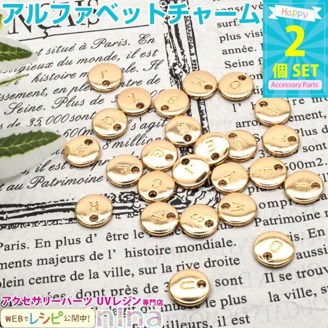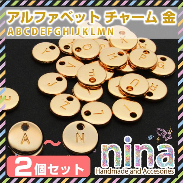 アルファベット 英字 イニシャル チャーム 丸 ゴールド 2個セット A-M イニシャルチャーム おしゃれ 手芸 イニシャルチャーム 手作り アルファベットチャーム ゴールド N レジン 金 丸 パーツ UVレジン ハンドメイド
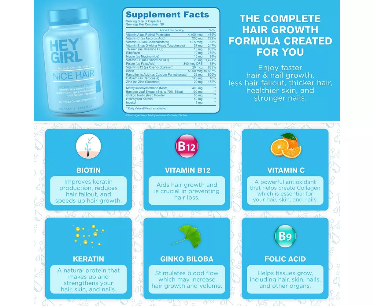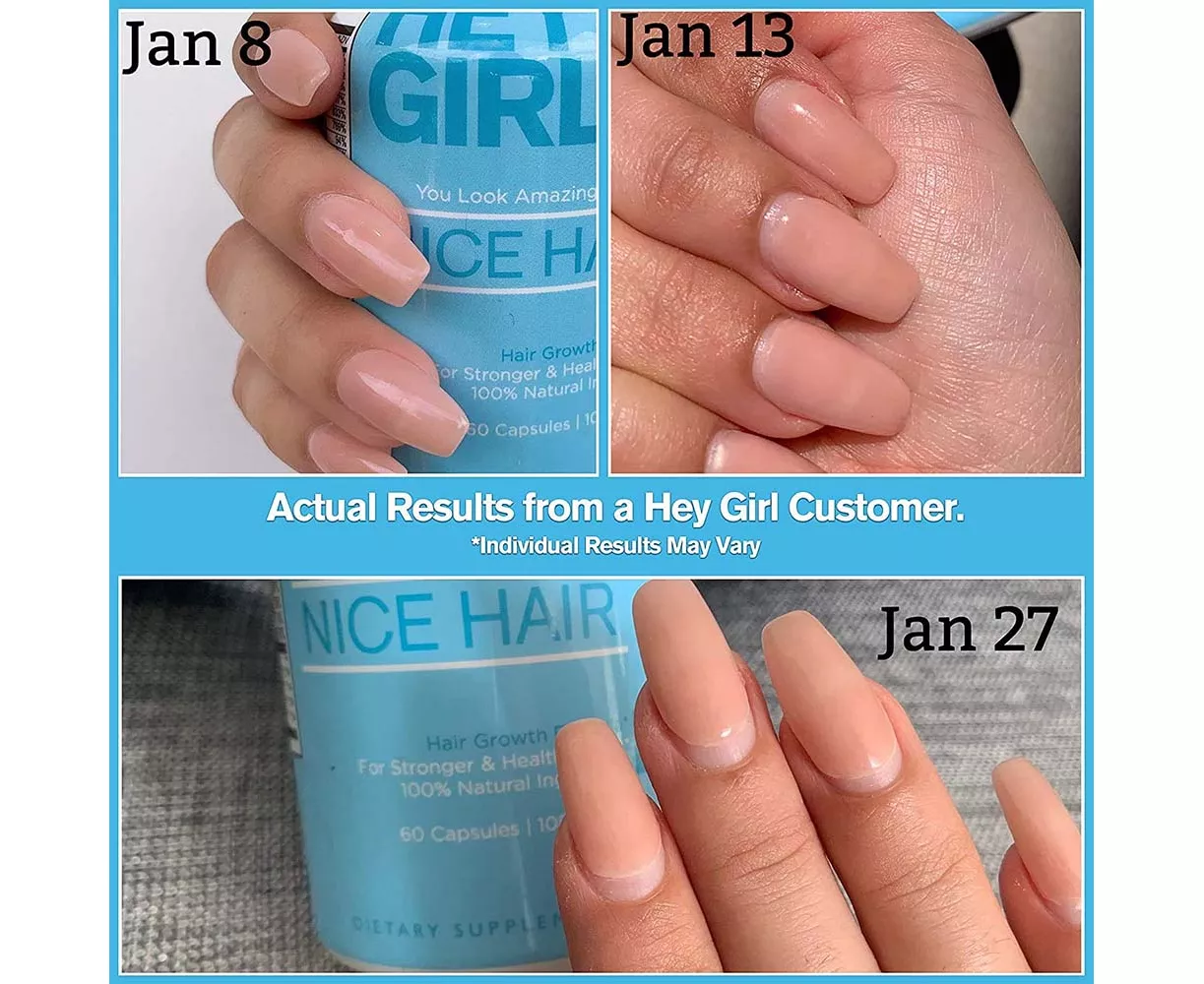 All it takes is 2 capsules a day after a meal. It's not miracle pills. Nothing will happen overnight. You have to stay consistent with it daily and watch good things happen FYI, our supplement was made by a woman for women because we know best! The nice hair supplement is also good for your skin and nails because we know it's important for women to have pretty nails and skin that glows. We gotchu girl!
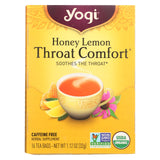 Yogi honey lemon throat comfort tea is packaged in 16 tea bags, each of which will make an 8 fl. Oz. Cup of herbal tea. Steep your tea bag in hot water for 7 minutes. This beverage was formulated to ease throat irritation. The all-organic ingredients include honeybush, peppermint leaf, wild cherry bark, lemon myrtle leaf, licorice root, slippery elm bark and natural honey and lemon flavors. The oxygen-bleached tea bags of this caffeine-free, non-gmo and kosher drink are compostable.
◆ ◆ ◆
EXERCISE DESCRIPTION :: Copy the listing exactly. No images belong in the copy.

SOLUTION TO THE EXERCISE ::
 アルファベット 英字 イニシャル チャーム 丸 ゴールド 2個セット A-M イニシャルチャーム おしゃれ 手芸 イニシャルチャーム 手作り アルファベットチャーム ゴールド N レジン 金 丸 パーツ UVレジン ハンドメイド
 All it takes is 2 capsules a day after a meal. It's not miracle pills. Nothing will happen overnight. You have to stay consistent with it daily and watch good things happen FYI, our supplement was made by a woman for women because we know best! The nice hair supplement is also good for your skin and nails because we know it's important for women to have pretty nails and skin that glows. We gotchu girl!
 Yogi honey lemon throat comfort tea is packaged in 16 tea bags, each of which will make an 8 fl. Oz. Cup of herbal tea. Steep your tea bag in hot water for 7 minutes. This beverage was formulated to ease throat irritation. The all-organic ingredients include honeybush, peppermint leaf, wild cherry bark, lemon myrtle leaf, licorice root, slippery elm bark and natural honey and lemon flavors. The oxygen-bleached tea bags of this caffeine-free, non-gmo and kosher drink are compostable.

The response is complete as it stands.